— Your objective —
Without the pictures, retype each line below exactly as it stands.

Data records
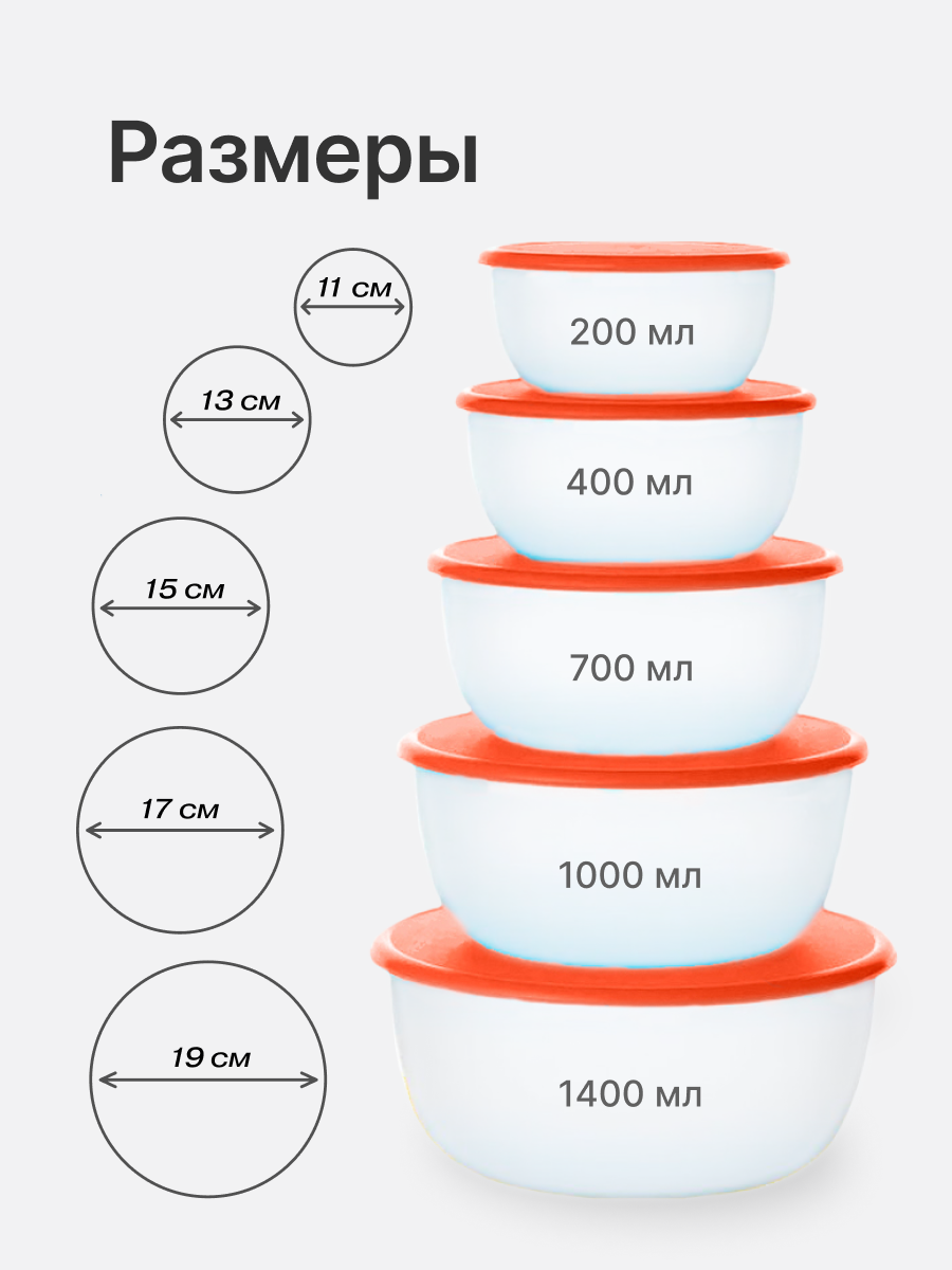| Комплектация | Набор контейнеров для еды 5 штук: 200 мл - 1 шт., 400 мл - 1 шт., 700 мл - 1 шт., 1000 мл - 1 шт., 1400 мл - 1 шт. |
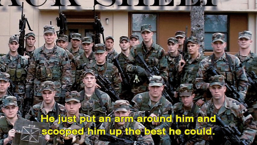 He just put an arm around him and scooped him up the best he could. [Pfc. Bryan O'Neal, 2/75 Ranger Battalion] Everyone was actually envious that he was my team leader. ... that little scrawny me would be working with this huge football player. I blamed myself for quite some time that maybe ... ... you know, Pat's not in a place where he should be ... ... because I didn't put forth more effort. And, you know, it's something I still think about today. |
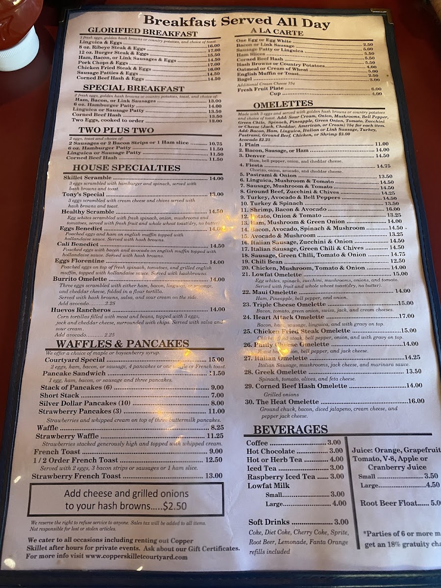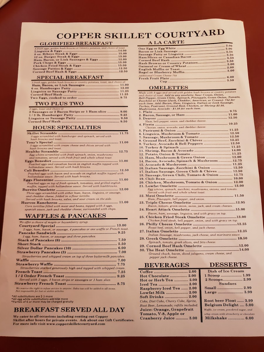 Copper Skillet Courtyard Menu
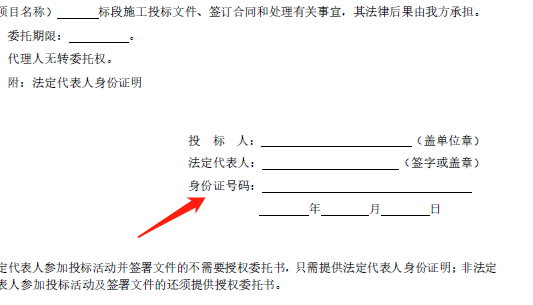 答:招标文件第八章投标文件格式中授权委托书此处为“身份证号码”,现调整为“代理人身份证号码”,各投标人按此执行。招标文件补疑6中投标人疑问答复第6条作废。
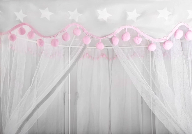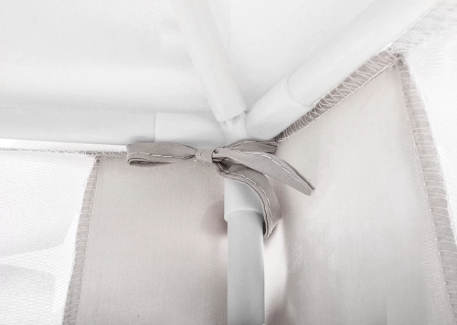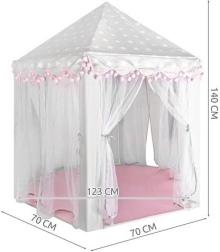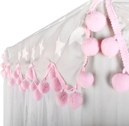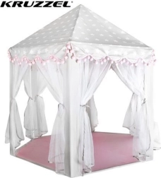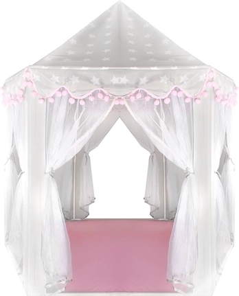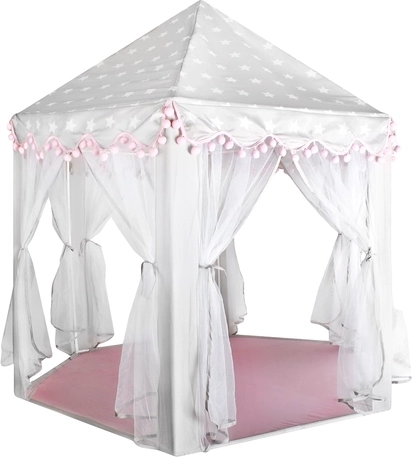 Salteaua spațioasă și lateralele aerisite asigură confort pentru unul sau mai mulți copii – încap o mulțime de pernuțe, plușuri și cărți. Cortul este perfect pentru interior și pentru grădină sub supravegherea adulților. Pompoanele decorative și posibilitatea de legare a draperiilor cu funde oferă jocului stil și intimitate.

— Finished task —
| Комплектация | Набор контейнеров для еды 5 штук: 200 мл - 1 шт., 400 мл - 1 шт., 700 мл - 1 шт., 1000 мл - 1 шт., 1400 мл - 1 шт. |
 He just put an arm around him and scooped him up the best he could. [Pfc. Bryan O'Neal, 2/75 Ranger Battalion] Everyone was actually envious that he was my team leader. ... that little scrawny me would be working with this huge football player. I blamed myself for quite some time that maybe ... ... you know, Pat's not in a place where he should be ... ... because I didn't put forth more effort. And, you know, it's something I still think about today. |
 Copper Skillet Courtyard Menu
 答:招标文件第八章投标文件格式中授权委托书此处为“身份证号码”,现调整为“代理人身份证号码”,各投标人按此执行。招标文件补疑6中投标人疑问答复第6条作废。
 Salteaua spațioasă și lateralele aerisite asigură confort pentru unul sau mai mulți copii – încap o mulțime de pernuțe, plușuri și cărți. Cortul este perfect pentru interior și pentru grădină sub supravegherea adulților. Pompoanele decorative și posibilitatea de legare a draperiilor cu funde oferă jocului stil și intimitate.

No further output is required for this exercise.